Ertesi gün kadına mosmor bir suratla rastlasanız da fark etmemiş gibi yapar, yere bakarak selâm verirsiniz. Bunlar da tabularımızdır işte...

Ama cinsel taciz, en ağır toplumsal tabularımızdan biri olsa gerek…  Konuşması, mücadele edilmesi ve üstüne gidilmesi en zor olanı belki de… Dünyanın en ağır tabusu cinsel tacizdir.
Kadının o titrek, cılız sesiyle dediği çok doğru: Her kadın yaşamında bir kez dahi olsa cinsel tacize uğramıştır.  Hatta kocası tarafından bile!..
Ama kaçımız bunu açık acık anlatabildik?

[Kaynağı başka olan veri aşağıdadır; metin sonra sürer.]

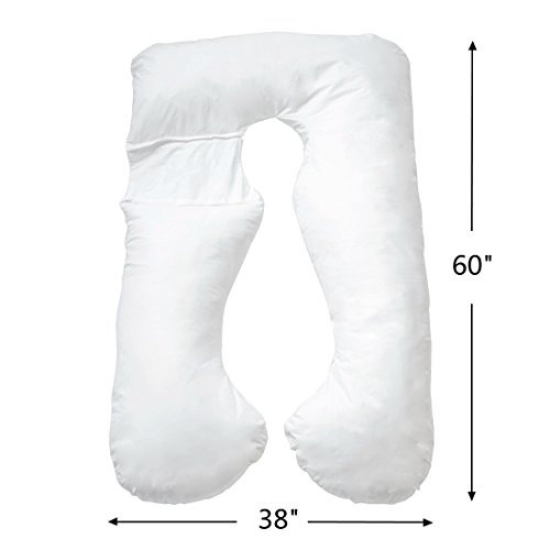Product Description ● Women who are pregnant can finally get a great night of sleep with the U Shaped Premium Contoured Body Pregnancy Pillow. Pregnant women who struggle to find a comfortable position will love this pillow. The U Shaped Premium Contoured Body Pillow provides support for the back and belly at the same time. This pillow has two contoured "legs" allowing you to sleep on your back or either side. The inner contours are designed to follow the natural curved shape of your body helping to relieve the added pressure of a pregnant belly. The pillow can also be tucked between your knees, used to elevate your head, and align your hips to help relieve strain on joints. ● Removable Zippered Pillowcase ● Unique design and shape supports back and belly. ● Size: 60' in L x 38' in W x 7' in H ● 100% Cotton Cover ● UNIQUE DESIGN ERGONOMICAL - Super soft pregnancy body pillow lets you get a good night of sleep throughout your pregnancy. The uniquely designed to follow the natural shape of the pregnancy mom, oversized U-shaped pillow, long enough for you to stretch out and support both sides of your body ● PAIN RELIEF FOR A COMFORTABLE NIGHT SLEEP - Customers have used this pillow effectively for pregnancy support, nursing and for drug free pain relief and comfort (whilst sleeping) for people with fibromyalgia, sciatica, gastric reflux, congestion, carpal tunnel syndrome, eliminate tossing and turning, ME etc. As well as helps support back, belly, sides, head, knees and feet ● VERSATILE PRODUCT MULTI-FUNCTIONAL - The maternity body pillow creates a comfortable position when sleeping, reading, nursing, watching TV. 360° Total Body Support for a painless and sound sleep ● EXCELLENT QUALITY - Cover: 100% pure cotton; pregnancy body pillow filling: polyester, which offers long lasting resilience and durability. The machine washable cotton percale pillowcase comes with a zipper for easy removal and cleaning ● Color: White ● Shape: U 0

Ya da polise gidip tacizcinin cezalandırılmasını istedik? Kadın polise gitse, konu illa ki gazete manşetlerine yansıyacaktır.
Peki; çocukları, ailesi böylesi bir olaydan nasıl etkilenecek? Belki de günün sonunda kadın suçlu bile ilan edilecektir.
Çoğu kadın böyle konuları anne ve babasına, hatta eşine bile söyleyemez, söylemez.
Türkiye’de, burada ve dünyanın birçok ülkesinde çok kadınlar tecavüzcüsüyle evlenmek zorunda kalıyor. Nasıl bir evlilikse o!..

İşte ben gözyaşları arasında dinlediğim bu taciz karşısında günlerdir midem bulanarak dolanıyorum.
Kafamın bir yerinde sürekli bu konuyu sorguluyorum. İnsan nasıl yaşar ki böylesi ağır bir aşağılanma ile?
Hiç bir kadın, nasıl giyinirse giyinsin, nasıl yaşarsa yaşasın, bizi ve hiç kimseyi hiç ilgilendirmez. Ev kadını, öğretmen, doktor, müdür, konsomatris, ya da fahişe de olsa, hepsi birdir benim gözümde…  Kadın, kadındır… Kimliği ve statüsü ne olursa olsun, hiç bir kadın ne cinsel tacizi ne de tecavüzü hak eder...
Cinsel tacizi ve tecavüzü görmezden gelenler, normal karşılayanlar, ya da gülüp geçenler bilmelidir ki, gün gelir kendi kızları, kız kardeşleri ve eşleri, anneleri de aynı muameleyle karşılaşır. Bu ahlâksız ahlâk anlayışı, onların da ışığını soldurur.